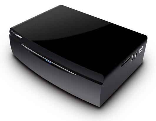 Дизайн этого аппарата, несомненно, можно назвать более чем удачным. Его черный прямоугольный корпус со скругленными углами позволяет осуществить быстрый доступ к жесткому диску, крышка лотка которого вынесена на переднюю панель. Качество сборки очень неплохое, корпус оставляет впечатление цельного монолита, ничего не скрипит и не болтается. Пожалуй, единственным недостатоком является глянцевая верхняя крышка, прекрасно собирающая пыль и отпечатки пальцев.
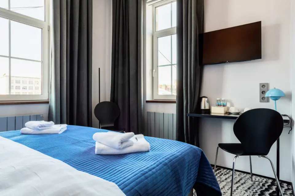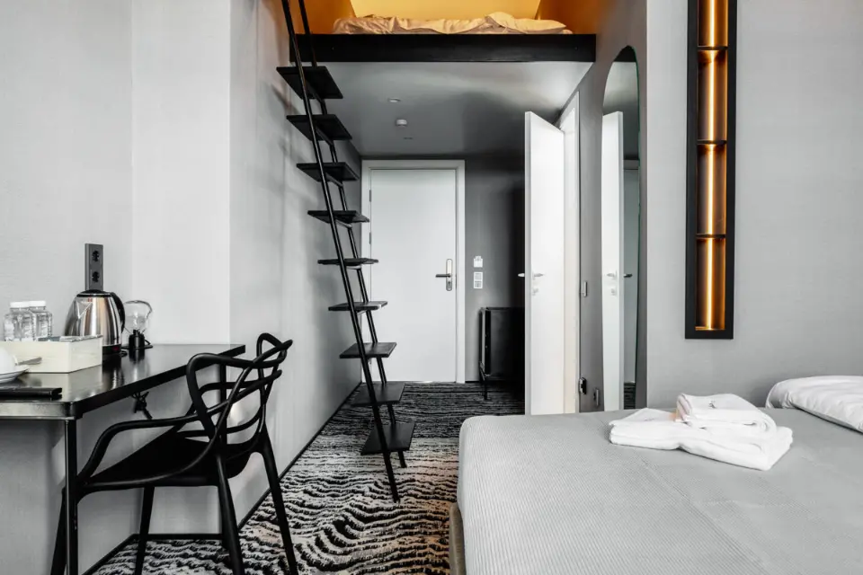 Двухуровневый четырёхместный номер категории стандарт семейный, площадью 18 кв.м. Уютный четырёхместный, двухуровневый номер идеально подойдет не только семьям-путешественникам, но и небольшим компаниям. Нестандартный дизайн, верхняя полка и стильный интерьер пробуждает интерес и желание отдохнуть именно в этом номере. В номере есть всё необходимое для комфортного проживания в нашем отеле: белоснежная свежая постель, мягкие махровые халаты и полотенца и полный комплект предметов индивидуального пользования.
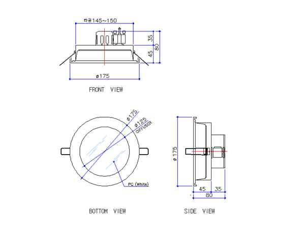 Å©±â : ¥Õ175¡¿H80 Ÿ°ø ¥Õ145~150 ¼ÒºñÀü·Â (W) : 12W / 15W ÀÔ·ÂÀü¿ø (Voltage) : AC 220V / 60Hz ¿ª·ü (PF) : 0.9 ÀÌ»ó »ö¿Âµµ : Àü±¸»ö 3000K / ÁÖ±¤»ö 6000K ¿¬»öÁö¼ö (Ra) : 70 ÀÌ»ó LIFE SPAN (¼ö¸í) : 30,000 Hr ÀÌ»ó (»ç¿ëȯ°æ¿¡ µû¶ó ´Ù¸§)

┄┄┄┄┄┄┄┄┄┄

- _Exercise directions_: The complete listing must be transcribed verbatim, and all pictures are to be omitted.

- _Response to this exercise_:
 Дизайн этого аппарата, несомненно, можно назвать более чем удачным. Его черный прямоугольный корпус со скругленными углами позволяет осуществить быстрый доступ к жесткому диску, крышка лотка которого вынесена на переднюю панель. Качество сборки очень неплохое, корпус оставляет впечатление цельного монолита, ничего не скрипит и не болтается. Пожалуй, единственным недостатоком является глянцевая верхняя крышка, прекрасно собирающая пыль и отпечатки пальцев.
 Двухуровневый четырёхместный номер категории стандарт семейный, площадью 18 кв.м. Уютный четырёхместный, двухуровневый номер идеально подойдет не только семьям-путешественникам, но и небольшим компаниям. Нестандартный дизайн, верхняя полка и стильный интерьер пробуждает интерес и желание отдохнуть именно в этом номере. В номере есть всё необходимое для комфортного проживания в нашем отеле: белоснежная свежая постель, мягкие махровые халаты и полотенца и полный комплект предметов индивидуального пользования.
 Å©±â : ¥Õ175¡¿H80 Ÿ°ø ¥Õ145~150 ¼ÒºñÀü·Â (W) : 12W / 15W ÀÔ·ÂÀü¿ø (Voltage) : AC 220V / 60Hz ¿ª·ü (PF) : 0.9 ÀÌ»ó »ö¿Âµµ : Àü±¸»ö 3000K / ÁÖ±¤»ö 6000K ¿¬»öÁö¼ö (Ra) : 70 ÀÌ»ó LIFE SPAN (¼ö¸í) : 30,000 Hr ÀÌ»ó (»ç¿ëȯ°æ¿¡ µû¶ó ´Ù¸§)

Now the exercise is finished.